WHAT IS EXPECTED = Where a line in the listing below contains the word "This", copy that line.

EXERCISE DATA =
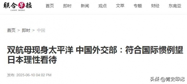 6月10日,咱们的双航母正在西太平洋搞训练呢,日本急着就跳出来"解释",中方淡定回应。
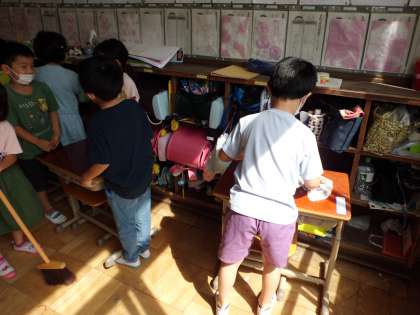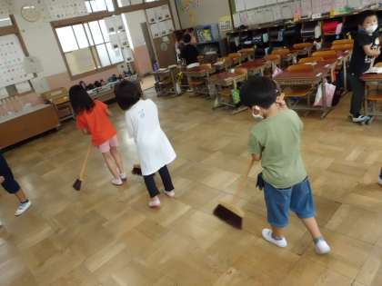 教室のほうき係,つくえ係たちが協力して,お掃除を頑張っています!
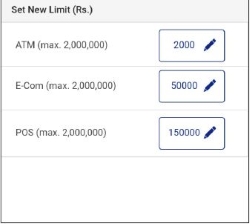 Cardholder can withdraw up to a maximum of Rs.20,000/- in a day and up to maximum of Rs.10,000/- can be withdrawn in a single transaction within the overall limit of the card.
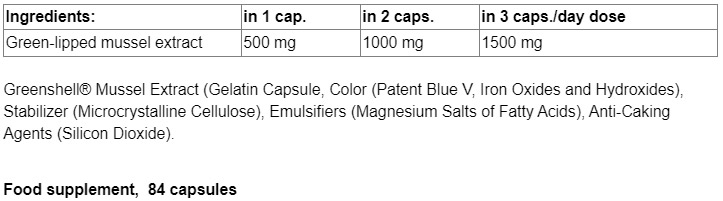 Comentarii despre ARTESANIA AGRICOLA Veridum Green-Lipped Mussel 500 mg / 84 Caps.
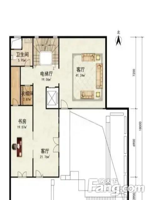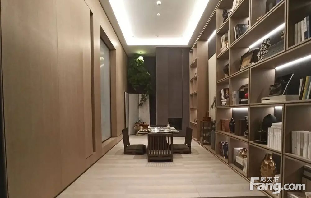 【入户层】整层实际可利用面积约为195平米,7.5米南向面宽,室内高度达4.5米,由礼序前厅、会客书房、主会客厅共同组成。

...

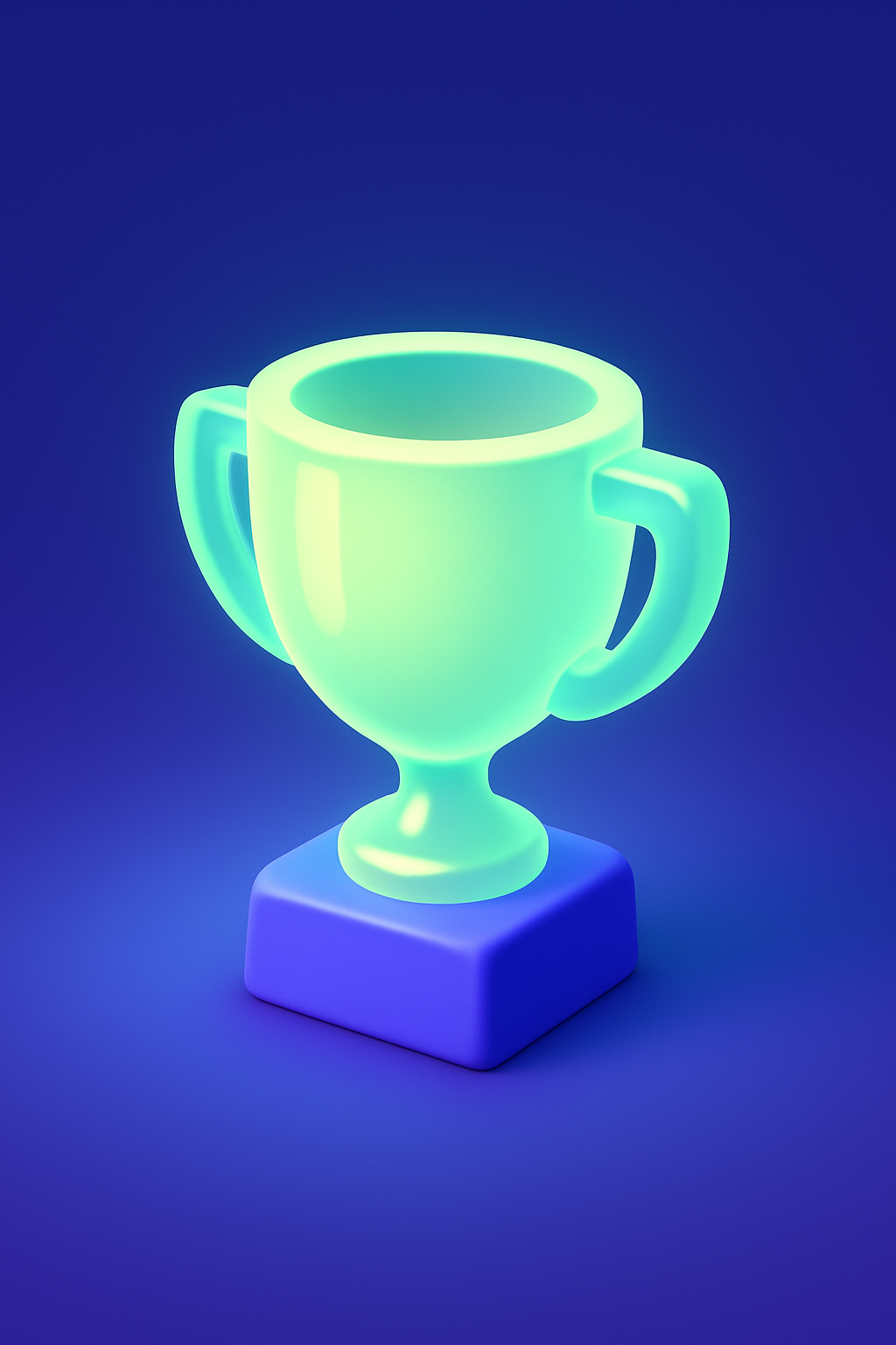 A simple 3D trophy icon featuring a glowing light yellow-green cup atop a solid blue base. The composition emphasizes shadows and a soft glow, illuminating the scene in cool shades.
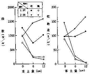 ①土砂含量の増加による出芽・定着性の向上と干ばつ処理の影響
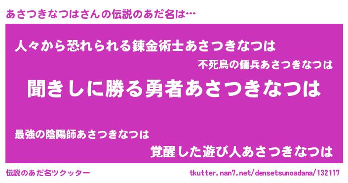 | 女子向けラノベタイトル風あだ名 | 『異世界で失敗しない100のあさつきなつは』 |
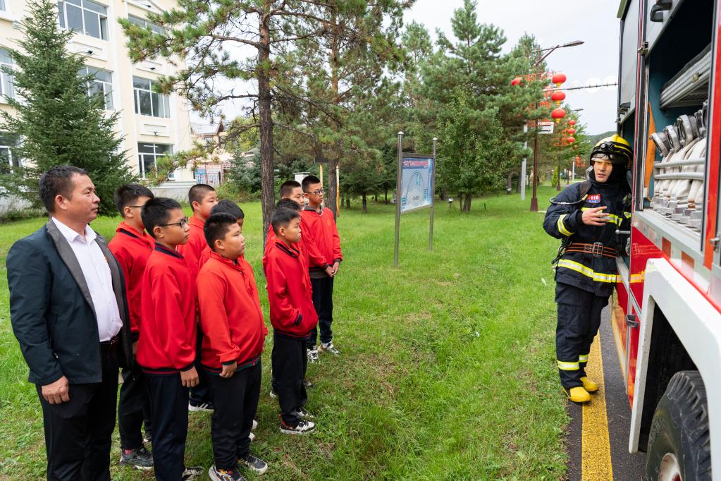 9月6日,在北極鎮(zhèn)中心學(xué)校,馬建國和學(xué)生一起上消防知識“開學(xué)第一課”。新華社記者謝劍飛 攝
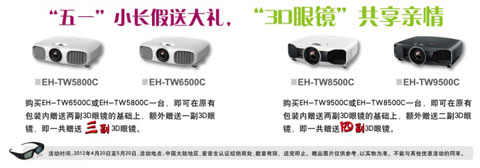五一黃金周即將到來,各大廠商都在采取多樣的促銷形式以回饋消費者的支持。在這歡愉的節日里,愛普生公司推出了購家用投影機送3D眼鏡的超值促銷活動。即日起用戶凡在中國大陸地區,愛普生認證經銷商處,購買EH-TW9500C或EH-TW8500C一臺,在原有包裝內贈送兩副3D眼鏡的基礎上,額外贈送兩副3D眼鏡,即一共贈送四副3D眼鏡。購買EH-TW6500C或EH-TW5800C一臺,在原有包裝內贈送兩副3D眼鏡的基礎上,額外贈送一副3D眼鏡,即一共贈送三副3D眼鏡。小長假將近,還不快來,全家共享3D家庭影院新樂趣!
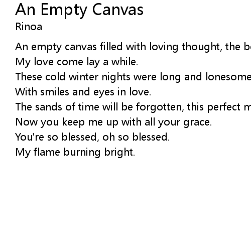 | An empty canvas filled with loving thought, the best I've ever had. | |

* * *

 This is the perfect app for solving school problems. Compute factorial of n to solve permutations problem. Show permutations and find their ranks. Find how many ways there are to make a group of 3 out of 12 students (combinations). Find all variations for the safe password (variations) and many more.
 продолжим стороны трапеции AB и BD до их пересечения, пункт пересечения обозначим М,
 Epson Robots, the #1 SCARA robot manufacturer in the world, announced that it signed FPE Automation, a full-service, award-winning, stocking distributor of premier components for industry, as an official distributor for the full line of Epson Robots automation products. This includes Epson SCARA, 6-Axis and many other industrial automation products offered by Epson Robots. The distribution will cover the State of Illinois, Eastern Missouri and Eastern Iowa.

COMPLETED TASK =
 This is the perfect app for solving school problems. Compute factorial of n to solve permutations problem. Show permutations and find their ranks. Find how many ways there are to make a group of 3 out of 12 students (combinations). Find all variations for the safe password (variations) and many more.
 Epson Robots, the #1 SCARA robot manufacturer in the world, announced that it signed FPE Automation, a full-service, award-winning, stocking distributor of premier components for industry, as an official distributor for the full line of Epson Robots automation products. This includes Epson SCARA, 6-Axis and many other industrial automation products offered by Epson Robots. The distribution will cover the State of Illinois, Eastern Missouri and Eastern Iowa.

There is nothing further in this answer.